Том 11. Публицистика 1860 х годов - Достоевский Федор Михайлович 33 стр.


Вот почему нельзя говорить, что, дескать, зачем отделять высшее общество или, точнее выражаясь, образованное общество от массы народа. По идее-то оно выходит как будто и так, да и в сущности-то оно так. Только беда наша в том, что на практике народ отвергает нас. Это-то и обидно, этого то причины и должны мы доискаться. Родились мы на Руси, вскормлены и вспоены произведениями нашей родной земли, отцы и прадеды наши были русского происхождения.

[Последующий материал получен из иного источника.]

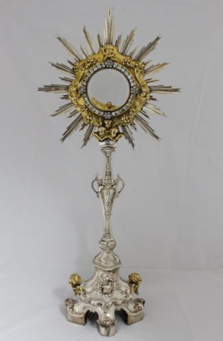 Ostensório, em prata, com base triangular tipo piramidal, de duas faces, assente em quatro pés com perfis moldurados por volutas, lisos. Faces da base molduradas por volutas que formam três painéis sucessivos de fundo liso, ornamentando o painel intermédio cartela oval aberta no painél, moldurada e ornada exteriormente por festão vegetalista encimado por laço, carregado no interior por elemento iconográfico relevado sobre fundo puncionado. Haste balaustriforme, em dois níveis, de recorte ondeante moldurado por volutas e formando painéis ornados por apontamentos vegetalistas relevados. Intersecção dos níveis alargada, identificando-se como o nó, que é ladeado por duas asas em S truncado formadas por volutas. Hostiário circular, com câmara central em metal dourado, envidraçada e com porta no verso, emoldurada e enquadrada por friso de cornucópias floridas e querubins, tendo dois querubins no seu arranque, com friso de pedraria a moldurar o vidro, substituído no verso por friso relevado a imitar pedraria. No interior lúnula em forma de querubim, em metal dourado. Enquadram a câmara raios setiformes em prata.
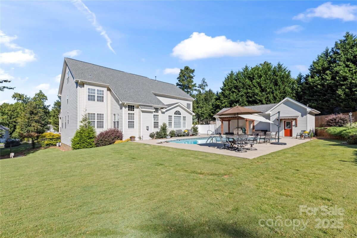 Welcome to 388 Cove Creek Loop in Mooresville – a stunning 5,187 sq ft, 2.5-story home offering 4 bedrooms, 4.5 baths, with a pool, detached workshop and an abundance of upgrades inside and out. Thoughtfully improved over the last few years, this property is truly move-in ready and designed for comfort, efficiency, and outdoor enjoyment. The front entrance has an open foyer and a dramatic circular staircase. The main level also offers hardwood floors, formal living and dining rooms, office, family room with fireplace/gas logs and blower. The gourmet kitchen has a walk-in pantry, granite countertops, an island, breakfast bar and built-in buffet. The kitchen also has a sunny eat-in area that overlooks the pool & lovely landscaped backyard. The refrigerator, washer and dryer are included. The whole house has a water treatment system with R/O water on tap at the kitchen sink and the refrigerator water dispenser. A 2nd stairway is located in the kitchen providing convenient access to the upper levels. The second level has new carpet, 4 spacious bedrooms/3 full baths including an oversized primary suite w/ sitting area and 2 walk-in closets. The third floor is a finished area that can be used as a bonus/exercise room/playroom or additional storage. This area has a full bath, a closet and walk-in access to the attic. The house was recently painted inside and out. The backyard retreat features a new heated pool house with half bath and is attached to a finished 32x20 workshop that offers endless possibilities. The workshop is heated and is wired for an EV Charging Station. A pergola for the pool deck has recently been built and the pool pump was replaced in 2025. Professional landscaping and lighting was installed in 2021 and a new irrigation control panel and rain sensor was recently added. Relax and enjoy the large backyard with new privacy fencing and appreciate the beautifully installed landscaping and lighting. Some of the other recent system updates to the home include installation of a Rinnai tankless water heater, a humidifier for the entire house installed in the crawlspace, 2 new HVAC units (2nd floor in 2021 and 3rd floor heat pump in 2023) This home combines elegance, functionality, and outdoor living in one remarkable package and is Ready to Welcome It's Next Owners. Please open this link to see more photos and listing video. https://listings.openrange704.com/388-Cove-Creek-Loop-Mooresville-NC-28117-USA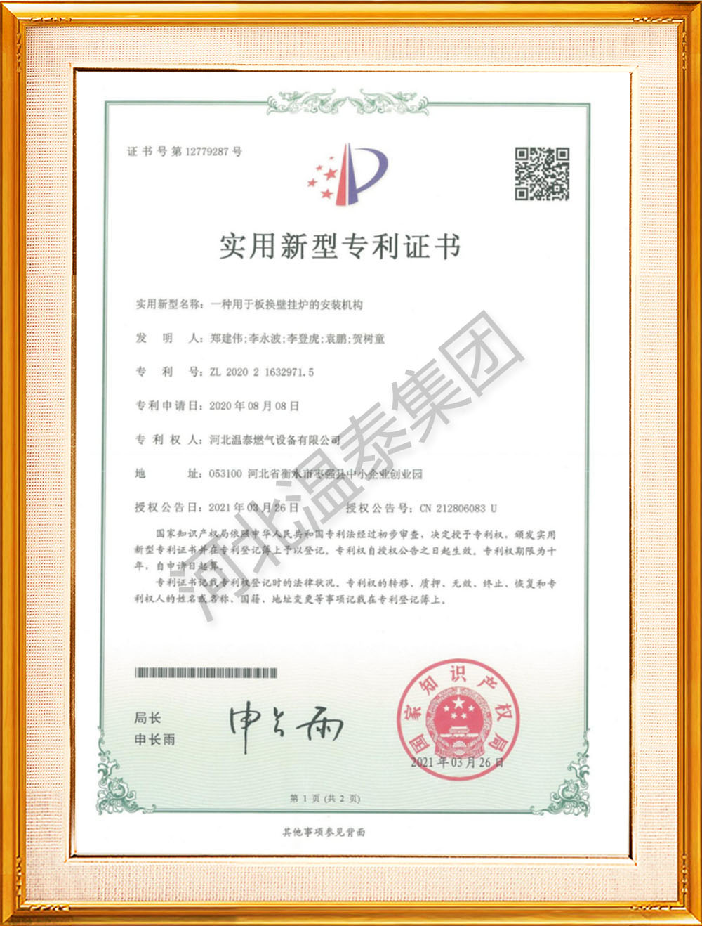 壁掛爐安裝機(jī)構(gòu)專利證書 -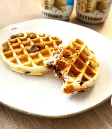 Waffles: Cozinhar por alguns minutos na máquina de waffle, prestando atenção na potência do equipamento, pois o tempo e resultado variam de acordo com ele.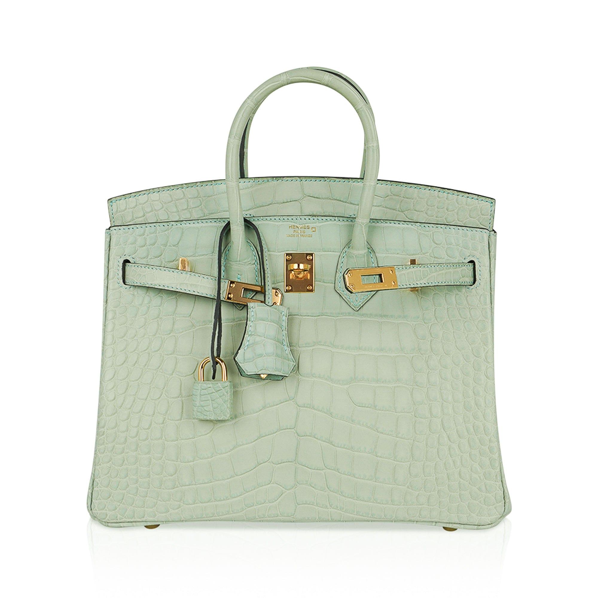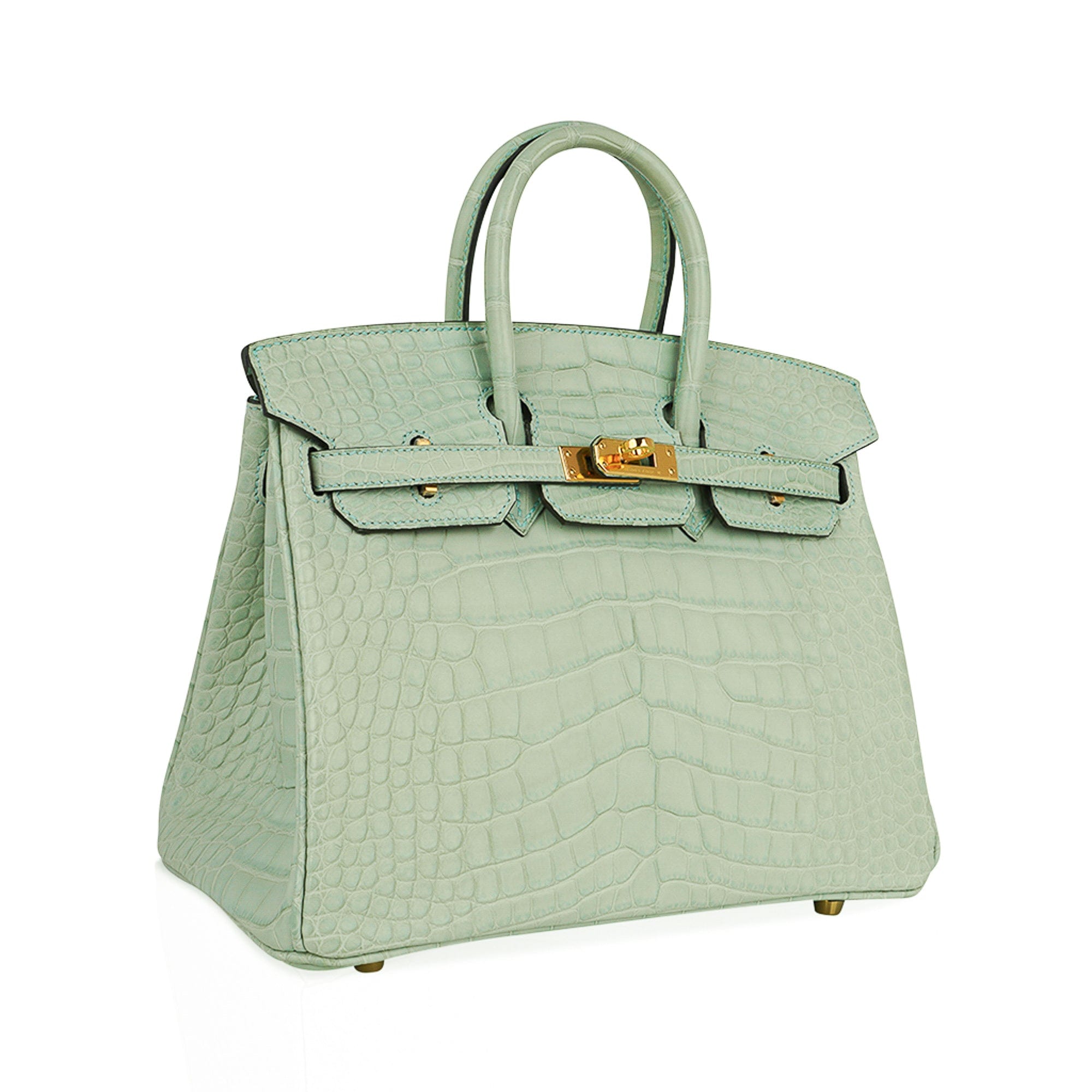 Hermes Birkin 25 bag limited edition Vert D’Eau matte alligator is nothing less than translucent Caribbean water.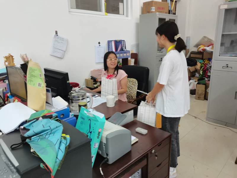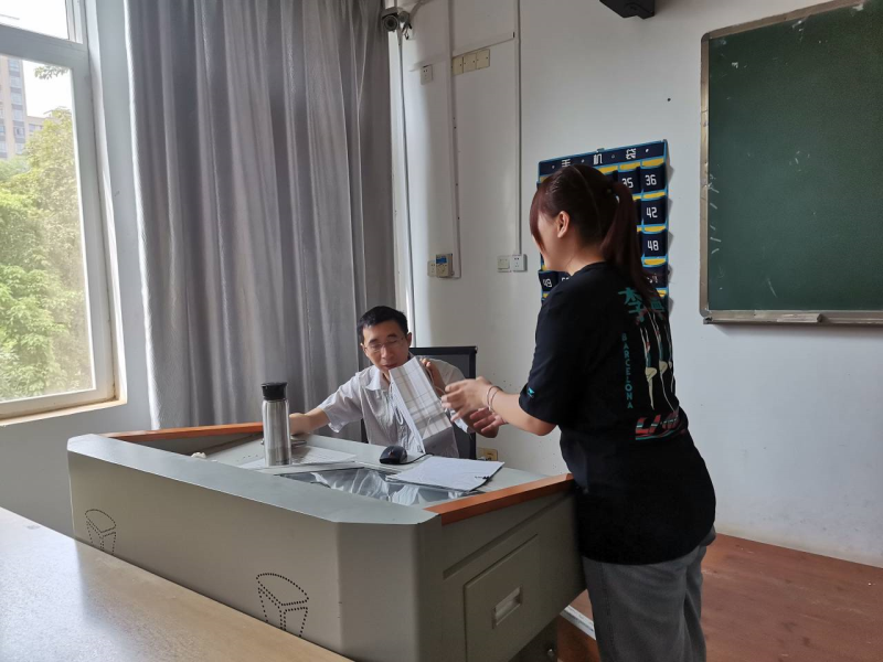 学生向老师送慰问品
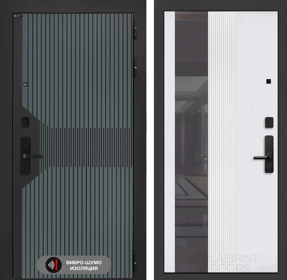 Входная дверь Лабиринт Смартлаб с Зеркалом 32 тонированным – Белый рельеф софт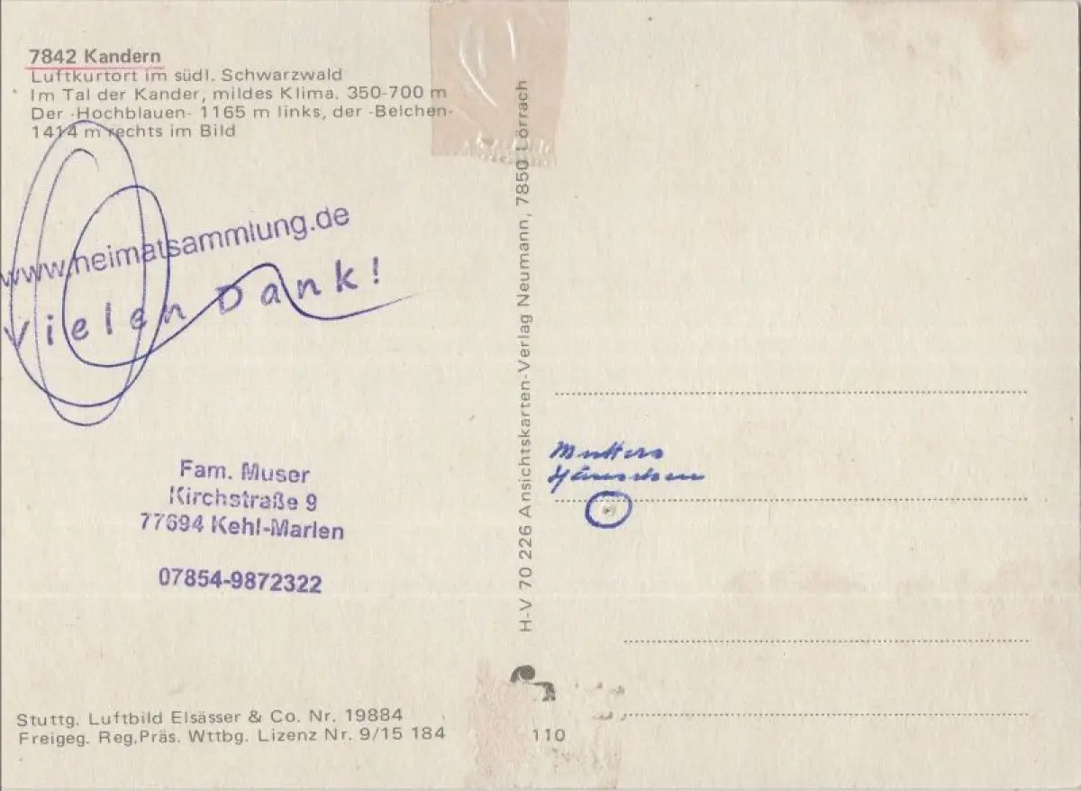 Postleitzahl:79400 (neu) / W 7842 (alt)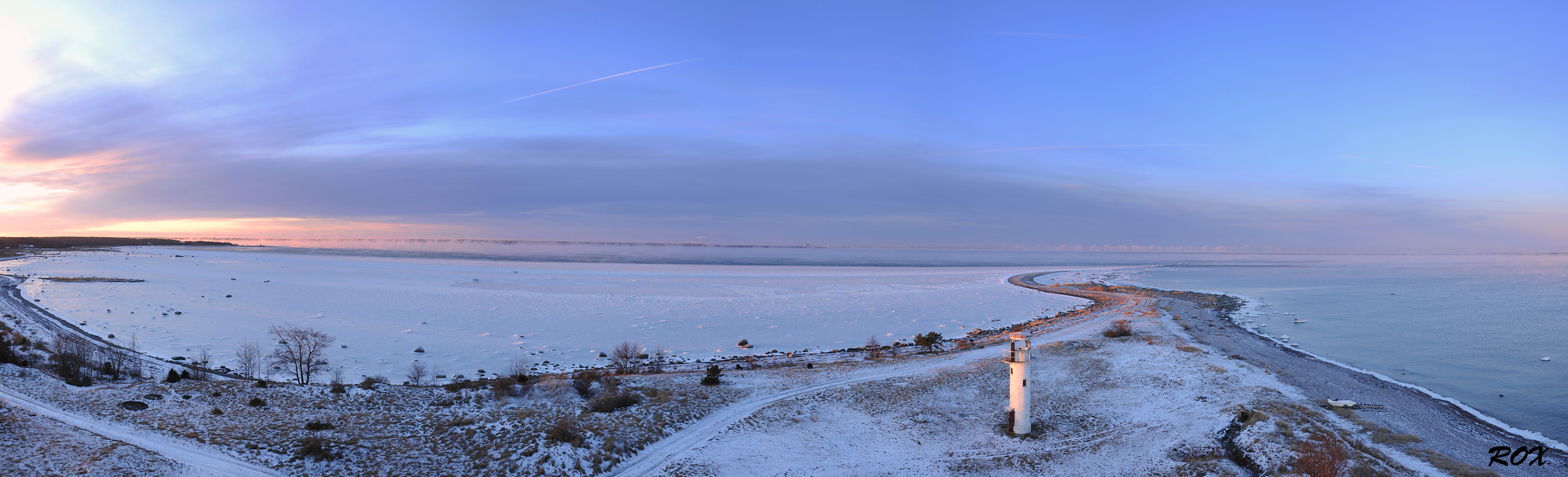 Ühel külmal talvel, 2009 detsembris sai TQNN-iga käidud Neeme poolsaarel hommikut vastu võtmas. Taevas oli imeline, külmakraade ca 23 kandis. Meri oli veel soe ning auras. Ühesõnaga pildimaterjali oli kuhjaga. Siiski ei piisanud mulle madalast võttenurgast ning otsustasin ronida vana vaatetorni otsa. Tegelikult tagant- järgi mõeldes oli see vägagi ohtlik, kuna poole torni pealt lõppesid sõna otsees mõttes ära igasugused astmed ning ronima pidi vaid jäänuste peal. Jah…täna ma enam sinna ronida ei julgeks :). Üldiselt oli vaade lummav. Kahjuks tegi olukorra keerulisemaks tugev tuul. Kui maas oli juba ilma tuuleta 23 miinust, siis üleval olles nõrga tuule käes tundus see -35 olevat…Ehk pidasin seal ca 10min vaid vastu…õnneks piisavalt, et sain sealt ühe kena panoraami tehtud.

Но, на беду, всего этого слишком мало для того, чтобы получить от народа притяжательное местоимение "наш", и, конечно, самым лучшим благочестивым желанием передовых русских людей всегда будет настолько соединиться с народом, чтоб он не отделял образованных людей от себя и считал образованное общество своим. Но это будет задачей долгого времени, и блаженное время окончательного соединения оторванного теперь от почвы общества - еще впереди. До того же времени называть себя de facto народом, частию той массы, которая составляет наше крестьянство, земством - будет самообольщением Ведь нельзя, например, не задуматься над тем, почему это мы не можем теперь найти язык, на котором могли бы искренно, сердечно беседовать с народом, почему это так сильно чуждается нас народ, так трудно нам, если только не невозможно, войти в дух, понятия и интересы народа; почему это инстинкт народный так упорно не хочет узнать в нас своих друзей? Конечно, такое явление происходит оттого, что мы разобщены с народом, что история вырыла между им и нами пропасть…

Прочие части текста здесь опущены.